Prompt:
Copy out the listing that follows exactly, dropping every picture.

Provided data:
=== Section Start ===
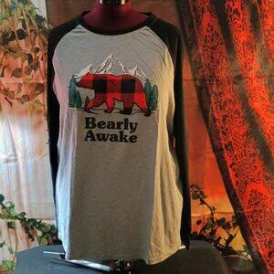 Excellent Used Condition: Holiday FamJam Sze XL Black & Red 'Bearly Awake' Pajama Set. Get cozy and festive with this Holiday FamJams "Bearly Awake" pajama set. The set features a grey long-sleeve raglan shirt with solid black sleeves and a graphic of a bear in a buffalo plaid pattern, with the text "Bearly Awake" printed below it. The matching pajama pants are a soft polyester fleece with a classic red and black buffalo check design, featuring a pull-on waist and tapered leg openings. This comfortable and stylish set is perfect for holiday gatherings or a relaxed night in.
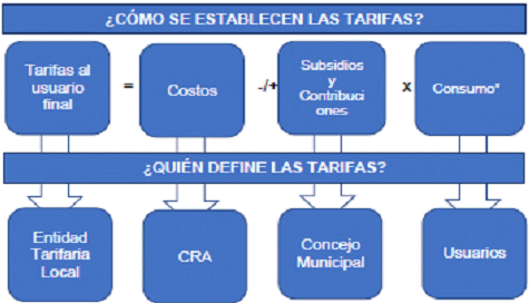 “(...) La tarifa es el precio que cobra la empresa al usuario a cambio de la prestación del servicio público. Es fijada por la junta directiva de la empresa que presta el servicio público o por el Alcalde cuando el servicio es prestado por el municipio, siguiendo las metodologías establecidas por la CRA.
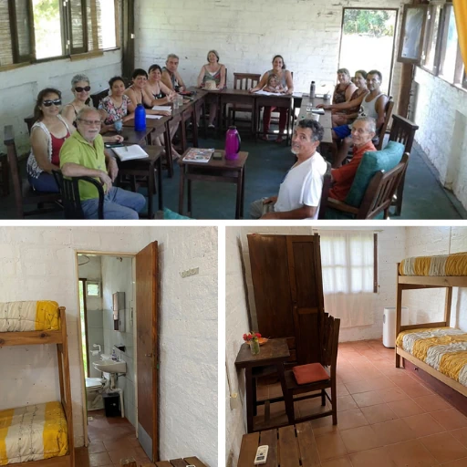 Consta de dormitorios, cocina, baños y un salón donde se realizan reuniones y retiros.
=== Section End ===
Task solution:
 Excellent Used Condition: Holiday FamJam Sze XL Black & Red 'Bearly Awake' Pajama Set. Get cozy and festive with this Holiday FamJams "Bearly Awake" pajama set. The set features a grey long-sleeve raglan shirt with solid black sleeves and a graphic of a bear in a buffalo plaid pattern, with the text "Bearly Awake" printed below it. The matching pajama pants are a soft polyester fleece with a classic red and black buffalo check design, featuring a pull-on waist and tapered leg openings. This comfortable and stylish set is perfect for holiday gatherings or a relaxed night in.
 “(...) La tarifa es el precio que cobra la empresa al usuario a cambio de la prestación del servicio público. Es fijada por la junta directiva de la empresa que presta el servicio público o por el Alcalde cuando el servicio es prestado por el municipio, siguiendo las metodologías establecidas por la CRA.
 Consta de dormitorios, cocina, baños y un salón donde se realizan reuniones y retiros.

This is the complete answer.